• WORK TO COMPLETE: Leave the pictures in the listing below aside and reproduce exactly the lines starting with the one with "Неклиновский район Ростовской" and going on through the one with "Het houten brandweerstation", both ends included.

• PROVIDED INFORMATION:
━━━━━━━━━━━━━━━━
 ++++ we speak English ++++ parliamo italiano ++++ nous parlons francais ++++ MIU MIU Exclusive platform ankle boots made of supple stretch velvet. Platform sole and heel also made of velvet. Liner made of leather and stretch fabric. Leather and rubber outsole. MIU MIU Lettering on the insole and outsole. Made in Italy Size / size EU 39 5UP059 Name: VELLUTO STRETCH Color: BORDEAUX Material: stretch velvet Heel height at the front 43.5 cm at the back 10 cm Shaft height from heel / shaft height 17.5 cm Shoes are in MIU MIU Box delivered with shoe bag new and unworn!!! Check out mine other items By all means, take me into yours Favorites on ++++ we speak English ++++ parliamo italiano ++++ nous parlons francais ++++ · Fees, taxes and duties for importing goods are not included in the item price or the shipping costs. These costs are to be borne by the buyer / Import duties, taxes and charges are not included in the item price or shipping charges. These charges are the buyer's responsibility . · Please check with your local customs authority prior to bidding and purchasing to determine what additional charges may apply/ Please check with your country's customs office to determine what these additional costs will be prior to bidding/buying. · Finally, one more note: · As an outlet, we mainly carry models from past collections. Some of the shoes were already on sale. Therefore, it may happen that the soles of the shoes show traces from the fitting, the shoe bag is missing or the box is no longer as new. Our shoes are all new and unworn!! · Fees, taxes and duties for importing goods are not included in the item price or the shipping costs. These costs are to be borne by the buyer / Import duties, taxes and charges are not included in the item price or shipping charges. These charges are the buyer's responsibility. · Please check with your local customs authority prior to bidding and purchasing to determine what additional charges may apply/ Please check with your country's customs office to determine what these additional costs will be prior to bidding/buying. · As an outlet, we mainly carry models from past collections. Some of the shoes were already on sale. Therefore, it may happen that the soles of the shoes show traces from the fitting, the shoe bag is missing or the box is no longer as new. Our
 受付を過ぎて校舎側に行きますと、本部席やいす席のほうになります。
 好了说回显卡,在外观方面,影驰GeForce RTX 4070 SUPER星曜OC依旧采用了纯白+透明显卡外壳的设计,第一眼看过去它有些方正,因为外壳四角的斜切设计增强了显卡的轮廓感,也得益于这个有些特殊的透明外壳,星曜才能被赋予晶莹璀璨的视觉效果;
━━━━━━━━━━━━━━━━
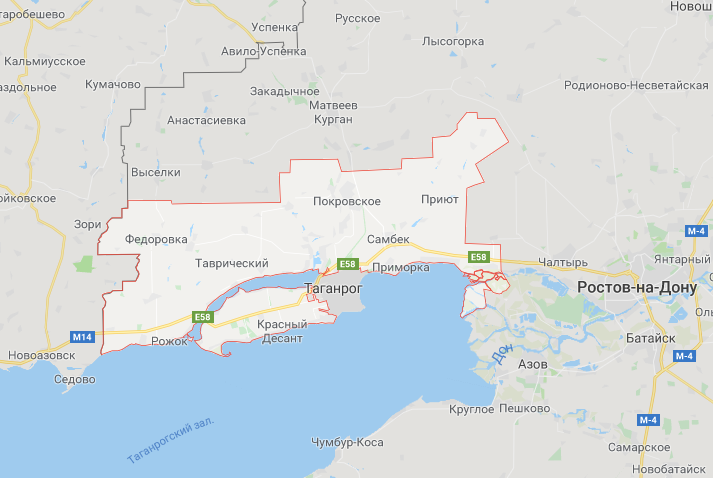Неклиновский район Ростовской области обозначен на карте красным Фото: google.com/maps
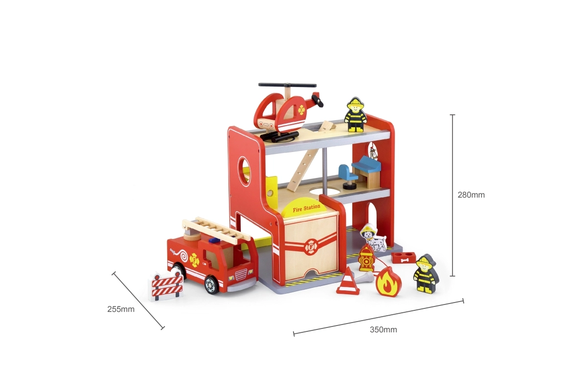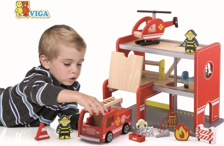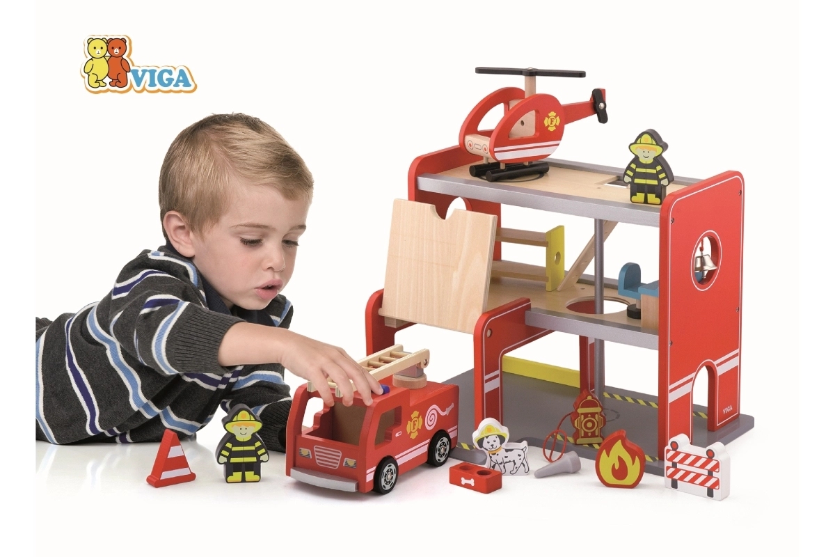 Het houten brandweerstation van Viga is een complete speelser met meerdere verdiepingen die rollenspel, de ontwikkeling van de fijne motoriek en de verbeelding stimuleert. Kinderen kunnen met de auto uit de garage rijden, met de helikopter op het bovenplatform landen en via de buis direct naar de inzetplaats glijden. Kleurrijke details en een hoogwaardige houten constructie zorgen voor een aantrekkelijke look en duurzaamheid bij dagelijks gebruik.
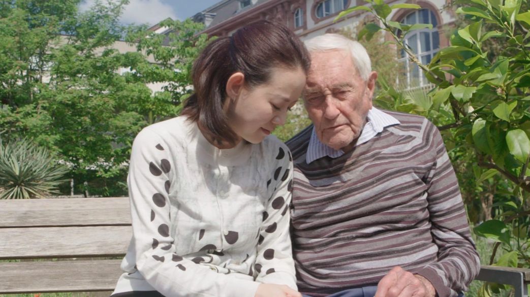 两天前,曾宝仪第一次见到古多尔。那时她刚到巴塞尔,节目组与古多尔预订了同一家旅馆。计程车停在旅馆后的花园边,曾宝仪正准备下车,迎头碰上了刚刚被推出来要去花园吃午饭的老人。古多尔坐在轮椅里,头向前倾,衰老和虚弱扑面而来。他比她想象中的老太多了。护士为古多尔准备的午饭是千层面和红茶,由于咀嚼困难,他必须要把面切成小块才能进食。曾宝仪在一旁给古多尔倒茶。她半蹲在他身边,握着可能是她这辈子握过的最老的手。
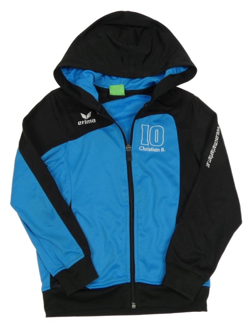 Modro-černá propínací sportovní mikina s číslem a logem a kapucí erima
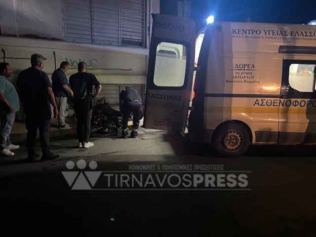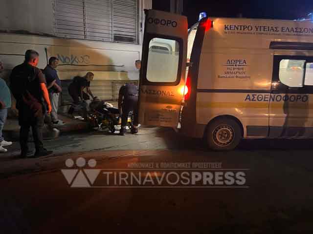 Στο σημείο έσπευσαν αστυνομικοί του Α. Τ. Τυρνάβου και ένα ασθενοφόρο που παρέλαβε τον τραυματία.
━━━━━━━━━━━━━━━━
• TASK OUTPUT:
Неклиновский район Ростовской области обозначен на карте красным Фото: google.com/maps
 Het houten brandweerstation van Viga is een complete speelser met meerdere verdiepingen die rollenspel, de ontwikkeling van de fijne motoriek en de verbeelding stimuleert. Kinderen kunnen met de auto uit de garage rijden, met de helikopter op het bovenplatform landen en via de buis direct naar de inzetplaats glijden. Kleurrijke details en een hoogwaardige houten constructie zorgen voor een aantrekkelijke look en duurzaamheid bij dagelijks gebruik.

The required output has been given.